Sir Foxy, those are good starting tips. Food is so #1, and Fuel will be a certain close 2nd so your folks can survive that second winter! I've concentrated on both tools and clothes for my 3rd priority: both seem to work fine in either the #3 or #4 spot, I must say. After that, it seems that improving tools and fuel is a good next step, then the acquisition of raw goods (mining) so that expansion/upgrading is possible, and then I tend to move into chickens and windmills and bakeries.

Is that screenshot your WHOLE village??? Like, 100 peeps in that one little area??? And all the way to year 31 with only that little area??? If so, I'm expanding my living area waaaaaaay too fast! I love the idea of getting set up/planning out the starting area for sustainable living, just upgrading as you go, no huge expansion further into the woods, etc. As in, keepin' it small, like you have there. Where in the world are your fields???

If you shared more screenshots and more of your process, I'd be so grateful! :D
Nakia Jan 10, 2018 @ 8:55pm 
Take a look at the screenshots. There you will find a variety of player village layouts that might give you some ideas.
feanor68 Jan 10, 2018 @ 10:04pm 
I'm no pro, but I've played enough to throw a few tips on what I've learned so far... hope this helps :)

- Don't expand your pop's too quickly. I personally never add more than two small houses per year (so +10 per year MAX), but I usually will just add one per year. In total, I take the original 10 pop's and shoot for a goal of 5 more per year -- my current village is in year 17 with a total pop of 105

- Build a school and build it early. I forget what the ratio is, but basically educated pop's work faster and more efficiently than ones who are not. I usually rush to get a school up and running before any other building, including houses. And speaking of houses, I scrap the shacks you start with immediately and replace them with small houses -- happiness bonus (speed/efficiency), holds 5 instead of 3, and it's sturdier, which doesn't matter, but it is :)

- I make sure to keep barns and warehouses centered around points of production, keeping houses near those as well -- good productivity revolves around distance people have to walk, so don't expect big results if folks have to walk too far for work or home

- Food is obviously one of the most important resources. In the early game (first 5 years or so), with low pop's and never enough workers, don't forget to use your teens in 1st person. I go out on massive hunts with a teen at least twice a year until I have enough farmers to supplement the food supply. When my few farmers are done, they gather the meat and hides. Fishing is really not productive enough for me until I have enough farmers either, so I hold off on them until the 3rd or 4th year. And when I do add fisherman, I use the fish FARM, never the shack -- the farm is just more stable in terms of output and only needs 1 worker -- I build them like a 'factory' and make sure to place a barn near them for quick trips. And I can't stress enough, build orchards (APPLES) and build them early -- they are the fastest means for an excessive food supply (that I've found), and you'll be able to use that excess to great advantage later (see below).
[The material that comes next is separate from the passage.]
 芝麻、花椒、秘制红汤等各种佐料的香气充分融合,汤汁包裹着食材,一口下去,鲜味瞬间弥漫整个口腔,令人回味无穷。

- Mining is stable for resources, but again, I ignore it for the first 5 years or so, except CLAY -- you have to build a clay mine the first year, or the second at the latest, or you won't be able to build some important buildings. For stone or ore, you can gather everything you'll need in the surrounding areas, for quite some time -- I didn't build my stone or ore mine in my current game until Year 5 or 6.
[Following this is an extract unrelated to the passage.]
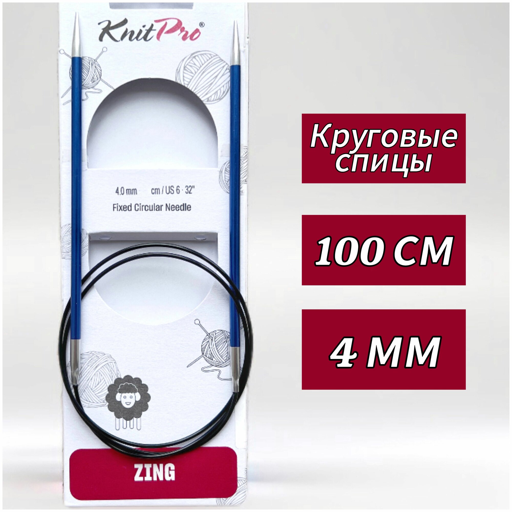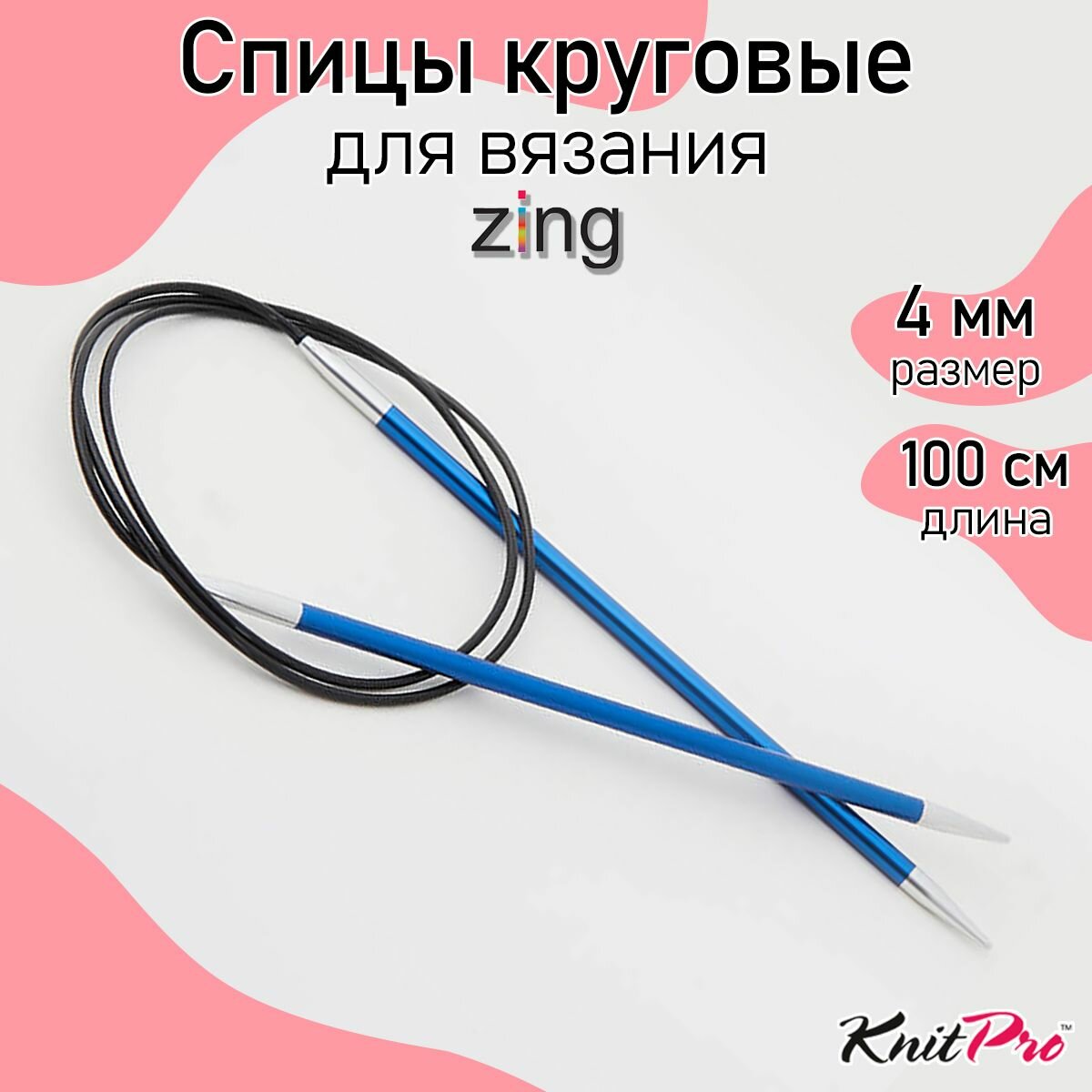 Спицы круговые Knit Pro Zing, 4 мм, 100 см, алюминий (KNPR.47159)

- Once I reach 50+ pop's, it's time to start thinking logistics :) I try to have my port built by this time, and my first goal is sheep, mostly for the wool (warm clothes = less firewood and less trips home to get warm!) but also some meat. Then cows, mainly for meat but also milk. After I have sheep and cows, everything else is just cosmetic IMHO, as you already have the best Vegetable, Fruit, and Grain at the start of the game (Potatoes, Apples, and Wheat). So now, it's all about donkeys!
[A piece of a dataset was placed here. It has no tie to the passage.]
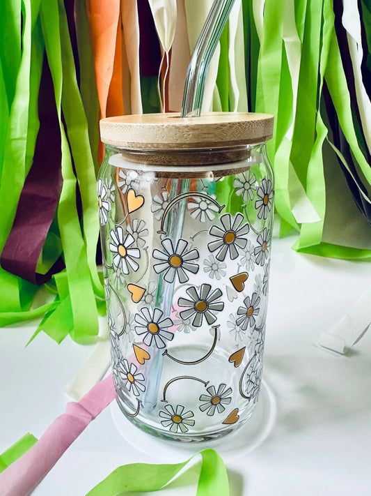 Daisy Smiley Face Glass Coffee Cup, Nature, Plant Mom, Floral Inspired Tumbler, Daisy Eyes Glass Beer Can, Cold Coffee Cup

- Build your first Caravan Stables. Do NOT build the Donkey Farm -- it's cute, so you can build it later when you want to spruce up your village or town, but it's not worth the time it takes them to breed. If you need more donkeys, just send out additional ANIMAL expeditions from your port -- once you've gotten Sheep, Cows, and Pigs (btw, pig farms are also cosmetic and just suck up your oats for very little meat in return), ALL of your future ANIMAL expeditions will yield 1 Donkey, SO LONG AS you have at least ONE OPEN SLOT in ANY of your Caravan Stables. Once you have at least one donkey (you get it with the stables), you can now start setting up trade routes between your barns and between your warehouses.

- This next part involves Mods from the Workshop, specifically the Caravans Extended mod -- what it does or allows should really be part of the base game, and I can only hope the Dev's pay attention to all of its subscribers at some point :) Anyways, this mod allows you to set a ratio between two resource points -- simple, right? Well, the base game does not, so if you refuse to try mods or this mod in particular, I do not envy you, as you will only have the base-game option of sending one or all resources from supply-point A to supply-point B, and YOU will have to monitor (constantly) if supply-point A is getting too low and/or if supply-point B doesn't need any more supplies. And if you add further supply-points, I'd just quit at that point :) But Caravans Extended allows the game to do the monitoring for you. In my current village of 105 pop's, I have 3 barns and 3 warehouses, placed near unique centers of production and the supportive houses. No one barn or warehouse is more important than the other two -- they all need the same stuff, more or less, so with Caravans Extended, I can set up 4 simple trade routes: Barn A to Barn B, Barn B to Barn C, Warehouse A to Warehouse B, and Warehouse B to Warehouse C -- and the mod lets me tell that game (among other options) to simply maintain a 1:1 ratio (or even amount) between the source and the destination. Yes, the numbers are consantly changeing, especially with three distinct areas, and my poor donkeys never seem to get a break. But you know what, it works, and it works beautifully! Every one of my barns and warehouses have equal amounts of each type of food and resource that all my villagers need. If one barn gets low, the donkeys fix it. If one warehouse has too much, the donkeys fix it. With this mod, the donkeys fix everything and put it where I want it, in the amount I specify -- it really is amazing, and, no I am not the mod author :D

- And finally, TRADE. The base-game has the market, which is fine. Build it, set up a trade route with a donkey to deliver your excess resources (APPLES, APPLES, APPLES), and start buying stuff your village needs -- you can trade for ANYTHING, even resources you can't currently make or grow yourself, except animals (only expeditions get them). And don't forget to set up another trade route to deliver your new purchases back to your barn or warehouse! I personally use a cosmetic mod called Trade Dock. It works exactly the same way as the market, but it looks very fitting in a seaside village next to my port.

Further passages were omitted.